Security (low/medium)

  • Python MPS probe swallows stderr: python3 -c "..." 2>/dev/null — if torch isn't installed, users get a misleading "no GPU" instead of "torch not installed". Log stderr separately for diagnosis.
  • SSH host-key handling — verify ComputeNode.run() sets -o StrictHostKeyChecking=accept-new (or similar), otherwise first-time remote checks will hang on TOFU prompts.

Nits

  • The guard prompt is concise but pretty polite. Consider a stronger marker like **CRITICAL SAFETY RULE:** to make it harder for the model to skip under heavy context.
  • No tests. Worth adding a small unit suite that mocks nvidia-smi / python / SSH outputs and exercises error paths (parse failures, timeouts, mixed CUDA+MPS environments).
  • GPU names are interpolated into markdown-ish strings in the MCP tool response without escaping. Unlikely to bite, but H100\something` would break the output formatting.
  • All 5 providers import and append the block, but the concatenation style varies slightly (some chain via .trim(), others raw +). Cosmetic, but worth unifying.

What's good

  • Registry updates are internally consistent across skill-tag-mapping.json, skills-catalog-v2.json, and stage-skill-map.json.
  • Route is correctly mounted behind authenticateToken.
  • Injection is uniform across all 5 providers — no provider skipped.
  • The skill's Step 0 gating in aris-run-experiment and aris-experiment-bridge is the right place to enforce this.
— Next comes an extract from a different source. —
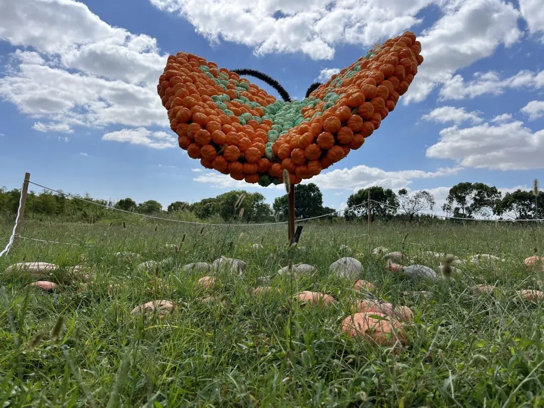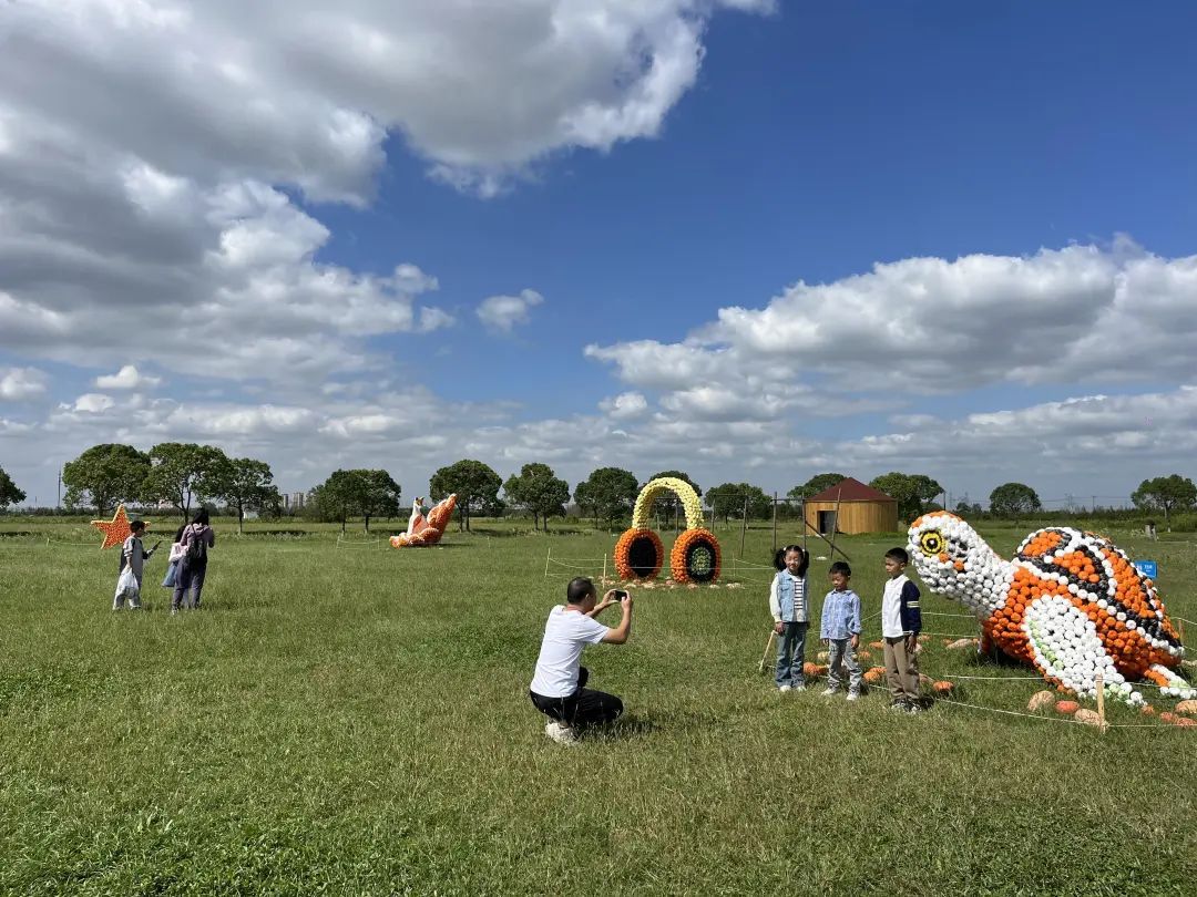 沿着都市菜园主干道进入园区,很快就能看到大草坪上的南瓜童话王国。各种形状奇特的真假南瓜,组合出极具想象力和创造力的15组艺术创作。不仅有高达3米的小恐龙、霸气十足的九尾狐、逼真的巨型耳机等小朋友熟悉的卡通动漫、AI机器人、海洋动物,更有最近出圈的黑神话悟空的形象展示,供孩子们自由打卡拍照。“我看到了很多南瓜,有黄色的、橘色的,黄橘相间的,有长胖的,有长瘦的。”现场以亲子家庭为主,小朋友自由奔跑玩耍,不少家长表示,园区空间很大,孩子们不仅可以亲近大自然,还能学到不少农业知识,整体感觉很不错。

Overall: approve in direction, but would recommend extracting the shared check utility and sanitizing error responses before merge.

@zli12321
Copy link
Copy Markdown
Collaborator Author

I have pushed changes with the following addressed:

  1. DRY violation fixed — Created server/utils/computeCheck.js as the single source of truth for CUDA/MPS detection, GPU parsing, and remote SSH checking. Both server/routes/compute.js (/check-available endpoint) and server/mcp-compute.js (compute_check_available tool) now delegate to it instead of duplicating ~200 lines.

  2. SSH error sanitization — checkRemoteCompute() in the shared utility logs the raw err.message to console.error but returns a generic "unreachable — check SSH connectivity and try again" to the client. The route's catch block also returns "Compute check failed — see server logs for details" instead of leaking internal error text.

  3. Configurable GPU threshold — The hard-coded 500 MiB is replaced with MIN_FREE_GPU_MB, read from process.env.COMPUTE_MIN_FREE_GPU_MB (defaults to 500). The "all GPUs occupied" message now dynamically includes the threshold value.

  4. Template drift eliminated — The 19-line compute-guard block is now a single file server/templates/_compute-guard-snippet.md. All 4 templates (CLAUDE.md, AGENTS.md, GEMINI.md, cursor-project.md) use a {{COMPUTE-GUARD}} placeholder. server/templates/index.js resolves snippets at write time.

  5. Vast.ai / Modal checks implemented — checkVastCompute() checks vast-instances.json and vastai show instances --raw. checkModalCompute() runs modal token verify. Both are accessible via checkComputeAvailability('vast') / checkComputeAvailability('modal'), aligning the code with what was documented in SKILL.md.

  6. Python MPS probe stderr — runLocal() in the shared utility captures err.stderr and logs it via console.warn instead of silently swallowing with 2>/dev/null. This surfaces "torch not installed" vs. "no MPS" properly.

  7. Stronger guard prompt marker — Changed from # Compute Resource Guard to CRITICAL SAFETY RULE — Compute Resource Guard in computeGuardPrompt.js, making it harder for models to skip under heavy context.

  8. Unified concatenation — All 5 providers now use the same pattern: [basePrompt, memoryBlock, COMPUTE_GUARD_BLOCK].filter(Boolean).join('\n\n').trim() instead of mixed raw + and .trim() approaches.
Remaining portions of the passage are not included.